» **DATA BELOW**:
◇ ◇ ◇

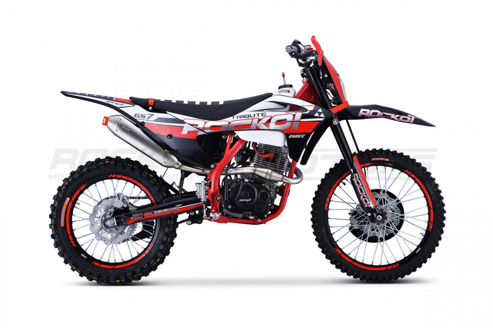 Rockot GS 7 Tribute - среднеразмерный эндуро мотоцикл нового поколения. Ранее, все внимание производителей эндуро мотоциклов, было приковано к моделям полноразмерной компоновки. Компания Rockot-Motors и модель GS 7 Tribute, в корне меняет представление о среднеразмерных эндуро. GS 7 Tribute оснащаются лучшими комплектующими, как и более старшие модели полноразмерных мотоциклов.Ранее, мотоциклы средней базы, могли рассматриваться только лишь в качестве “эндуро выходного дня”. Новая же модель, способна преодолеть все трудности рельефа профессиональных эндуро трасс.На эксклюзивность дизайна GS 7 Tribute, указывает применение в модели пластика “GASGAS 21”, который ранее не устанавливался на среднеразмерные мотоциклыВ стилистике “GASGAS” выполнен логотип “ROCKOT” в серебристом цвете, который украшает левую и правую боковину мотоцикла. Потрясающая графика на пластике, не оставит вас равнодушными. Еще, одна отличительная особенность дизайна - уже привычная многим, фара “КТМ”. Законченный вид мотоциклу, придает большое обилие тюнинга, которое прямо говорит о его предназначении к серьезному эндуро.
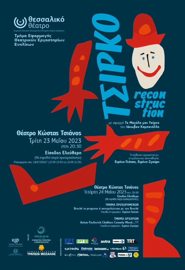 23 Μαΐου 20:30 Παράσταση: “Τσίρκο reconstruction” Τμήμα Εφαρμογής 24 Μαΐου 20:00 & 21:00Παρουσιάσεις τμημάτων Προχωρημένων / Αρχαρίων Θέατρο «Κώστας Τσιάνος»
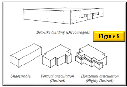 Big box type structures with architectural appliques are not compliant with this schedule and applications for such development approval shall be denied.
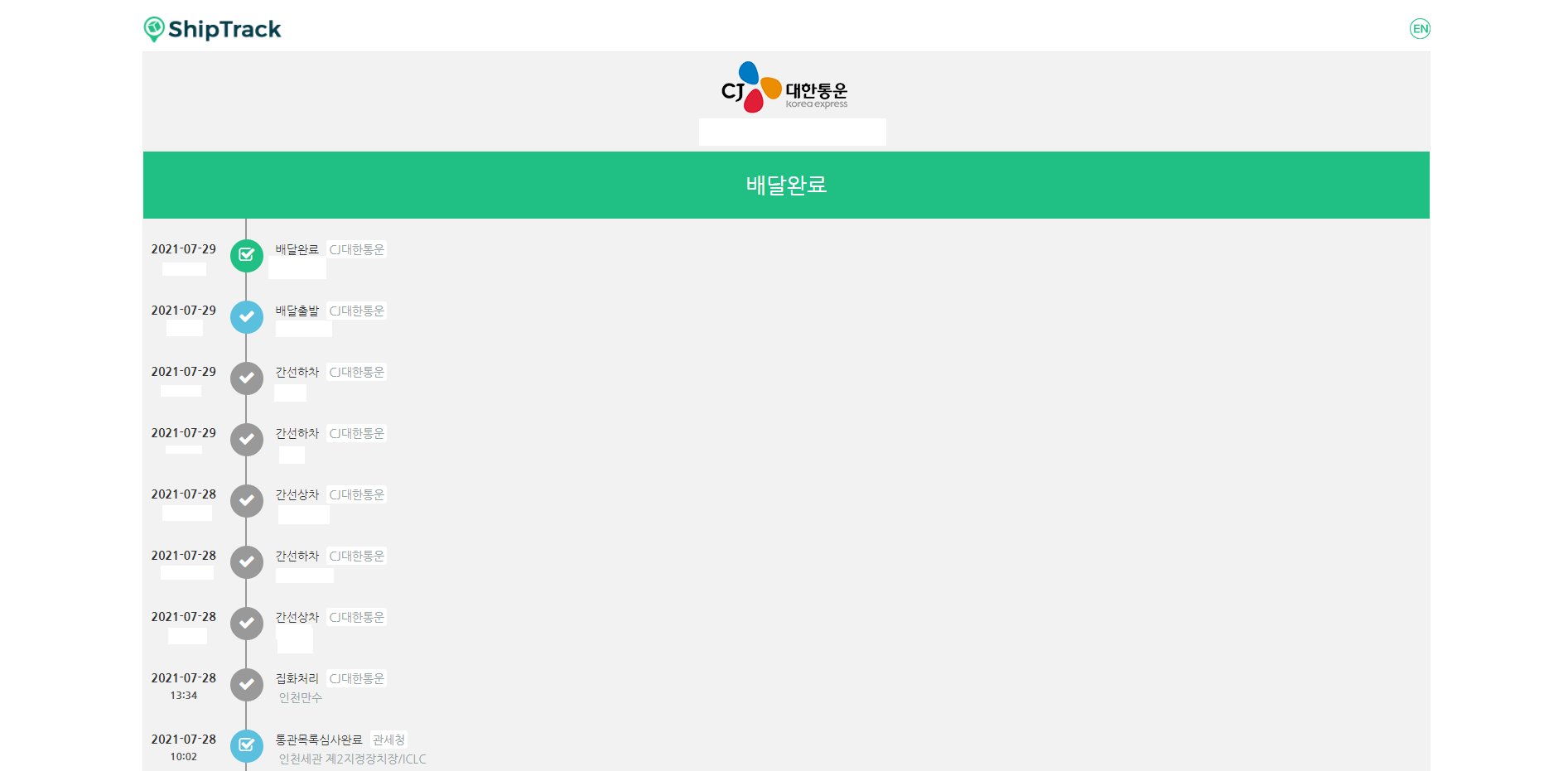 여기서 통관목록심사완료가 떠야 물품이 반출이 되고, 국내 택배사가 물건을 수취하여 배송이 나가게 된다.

◇ ◇ ◇

» **TASK OBJECTIVE**: Please return exactly the lines from the one containing "23 Μαΐου 20:30" through the end of the material above, both ends included, but not the pictures.

» **ANSWER TO THE PROBLEM**:
 23 Μαΐου 20:30 Παράσταση: “Τσίρκο reconstruction” Τμήμα Εφαρμογής 24 Μαΐου 20:00 & 21:00Παρουσιάσεις τμημάτων Προχωρημένων / Αρχαρίων Θέατρο «Κώστας Τσιάνος»
 Big box type structures with architectural appliques are not compliant with this schedule and applications for such development approval shall be denied.
 여기서 통관목록심사완료가 떠야 물품이 반출이 되고, 국내 택배사가 물건을 수취하여 배송이 나가게 된다.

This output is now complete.